#### The problem:
Copy the listing in full and exactly, omitting its images.

#### Data section:
* * * *

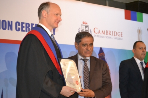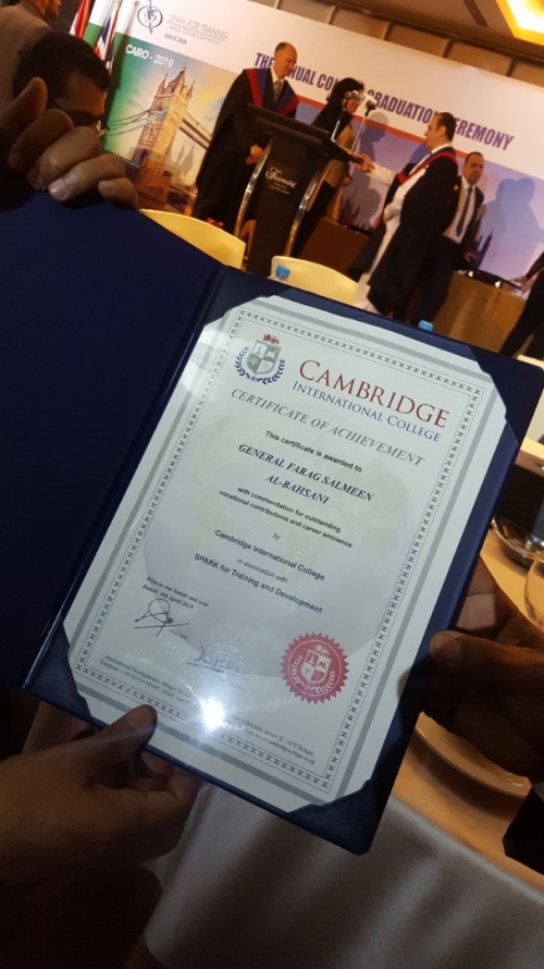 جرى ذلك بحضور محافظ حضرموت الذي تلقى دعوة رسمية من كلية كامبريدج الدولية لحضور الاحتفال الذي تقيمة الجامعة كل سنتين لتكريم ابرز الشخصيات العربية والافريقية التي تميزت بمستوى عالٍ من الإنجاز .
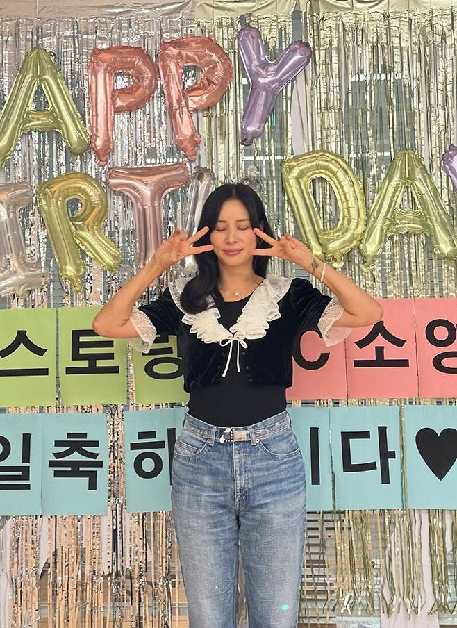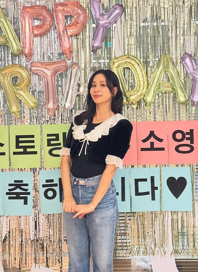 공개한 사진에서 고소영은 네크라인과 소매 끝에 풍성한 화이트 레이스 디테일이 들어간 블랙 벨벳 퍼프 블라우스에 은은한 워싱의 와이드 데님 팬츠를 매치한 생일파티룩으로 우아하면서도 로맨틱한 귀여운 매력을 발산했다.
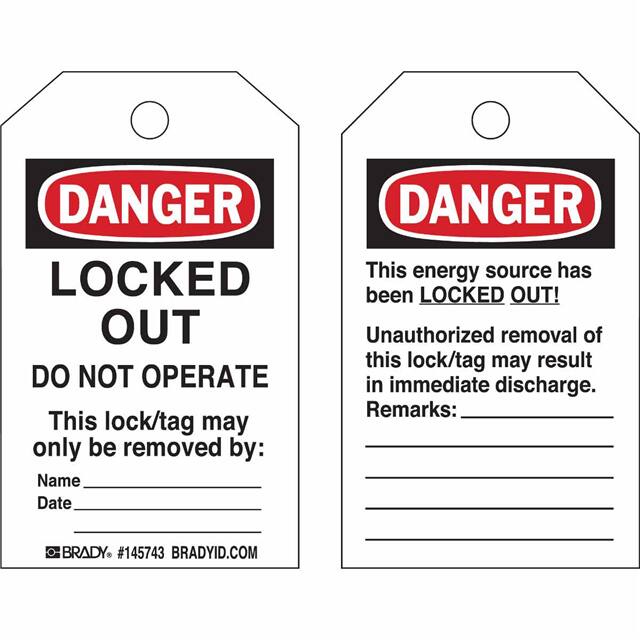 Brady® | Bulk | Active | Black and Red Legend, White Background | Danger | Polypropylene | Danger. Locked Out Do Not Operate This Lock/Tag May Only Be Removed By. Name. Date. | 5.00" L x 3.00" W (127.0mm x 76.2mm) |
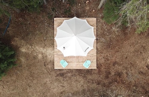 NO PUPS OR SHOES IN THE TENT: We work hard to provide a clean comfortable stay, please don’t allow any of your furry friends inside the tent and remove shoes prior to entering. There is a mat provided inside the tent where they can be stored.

* * * *

#### Task solution:
 جرى ذلك بحضور محافظ حضرموت الذي تلقى دعوة رسمية من كلية كامبريدج الدولية لحضور الاحتفال الذي تقيمة الجامعة كل سنتين لتكريم ابرز الشخصيات العربية والافريقية التي تميزت بمستوى عالٍ من الإنجاز .
 공개한 사진에서 고소영은 네크라인과 소매 끝에 풍성한 화이트 레이스 디테일이 들어간 블랙 벨벳 퍼프 블라우스에 은은한 워싱의 와이드 데님 팬츠를 매치한 생일파티룩으로 우아하면서도 로맨틱한 귀여운 매력을 발산했다.
 Brady® | Bulk | Active | Black and Red Legend, White Background | Danger | Polypropylene | Danger. Locked Out Do Not Operate This Lock/Tag May Only Be Removed By. Name. Date. | 5.00" L x 3.00" W (127.0mm x 76.2mm) |
 NO PUPS OR SHOES IN THE TENT: We work hard to provide a clean comfortable stay, please don’t allow any of your furry friends inside the tent and remove shoes prior to entering. There is a mat provided inside the tent where they can be stored.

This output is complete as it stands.